Oncle Boonmee (Apichatpong Weerasethakul, 2010)
Il s’est souvenu d’autres vies et d’autres mondes qu’il a portés; un autre vivant surviendra, peut-être, pour les porter à nouveau
L’histoire se déroule en Thaïlande, de nos jours. L’oncle Boonmee, un apiculteur d’une soixantaine d’années, est gravement malade du rein et se prépare à mourir. Il décide de quitter l’hôpital et de passer ses derniers jours dans sa ferme frontalière du Laos, entouré de sa belle-sœur Jen, le neveu de celle-ci, Tong, et d’un Laotien chargé de lui prodiguer deux dialyses quotidiennes, Jaai. Un soir, les fantômes de sa femme décédée il y a 19 ans et de son fils Boonsong, qui a vécu dans la jungle avec une créature animale pendant 15 ans, apparaissent à la table du dîner. Le fils, transformé en singe, a les yeux rouges et phosphorescents. Le film raconte ce qui arrive jusqu’à sa mort, et juste après.
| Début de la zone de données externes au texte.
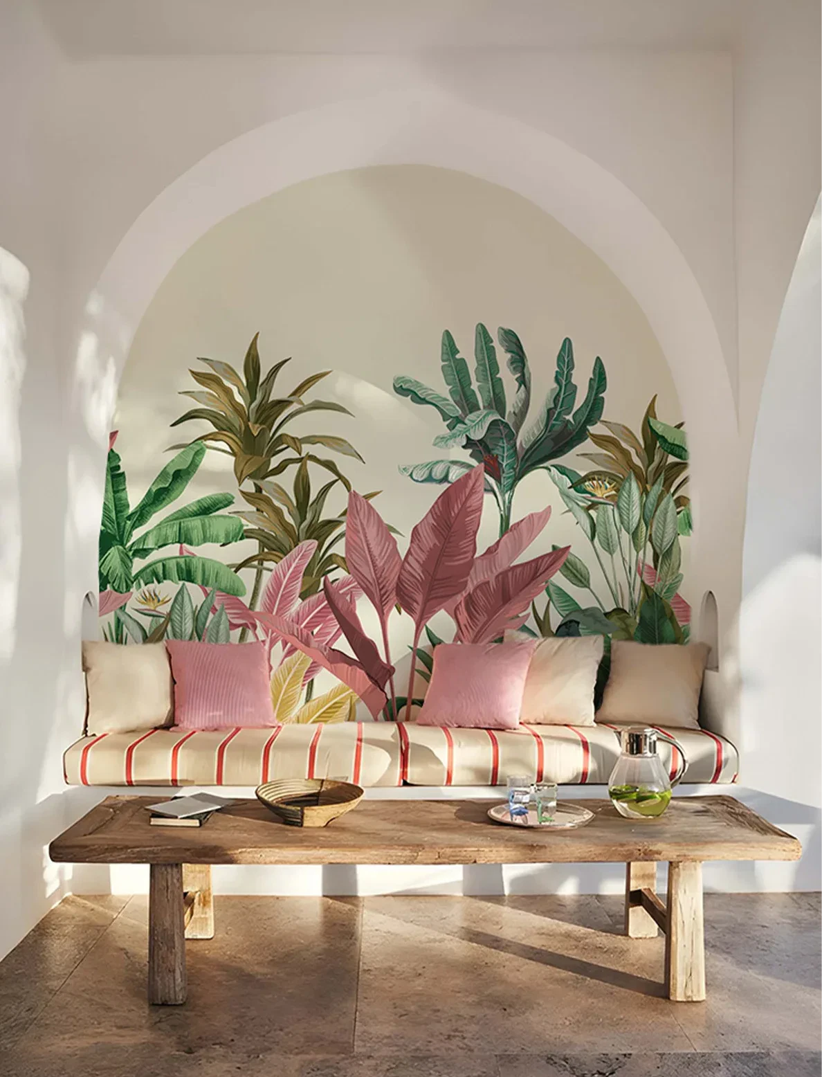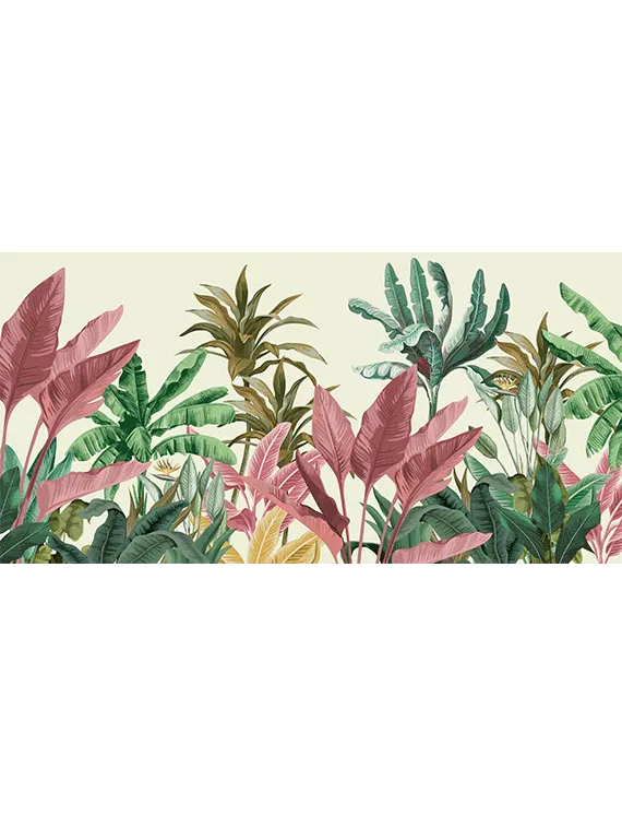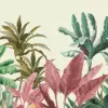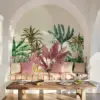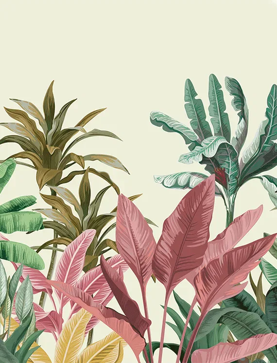 Vintage flair meets tropical vitality in this calming yet colorful wallpaper, offering a daily dose of nature’s uplifting beauty.

Le récit est divisé en six parties, des bobines de 16 mm d’environ 20 minutes auxquelles le réalisateur a donné un style diffférent :
- Avant le générique, une scène d’avant l’histoire. Un buffle tire sur sa corde alors que les paysans dînent dehors. Il s’enfuit dans la jungle. Un paysan le rattrape au petit jour. Il l’appelle par son nom, Keow, et le ramène hors de la forêt. Un étrange singe aux yeux rouges les observe.
- Dans une véranda en lisière de forêt, a lieu la scène où les vivants et les spectres partagent un repas. Pendant cette conversation où règne une étrange douceur, le plan-séquence est privilégié. Les décors sont présentés dans un style documentaire, presque naturaliste.
- Pour le récit de la transformation en singe du fils de Boonmee, l’esthétique est celle des fictions thaïlandaises. Le jeune homme était parti dans la jungle avec son Leica, il a photographié des créatures étranges et n’est jamais revenu. Tout se passe comme si la fiction l’avait absorbé.
- Inspiration documentaire, avec éclairage contrasté, pour la séquence où Jen accompagne Boonmee à la ferme. Jaai annonce qu’il va revenir au Laos. Les ouvriers de Boonmee se remettent au travail. C’est le cycle de vie qui continue.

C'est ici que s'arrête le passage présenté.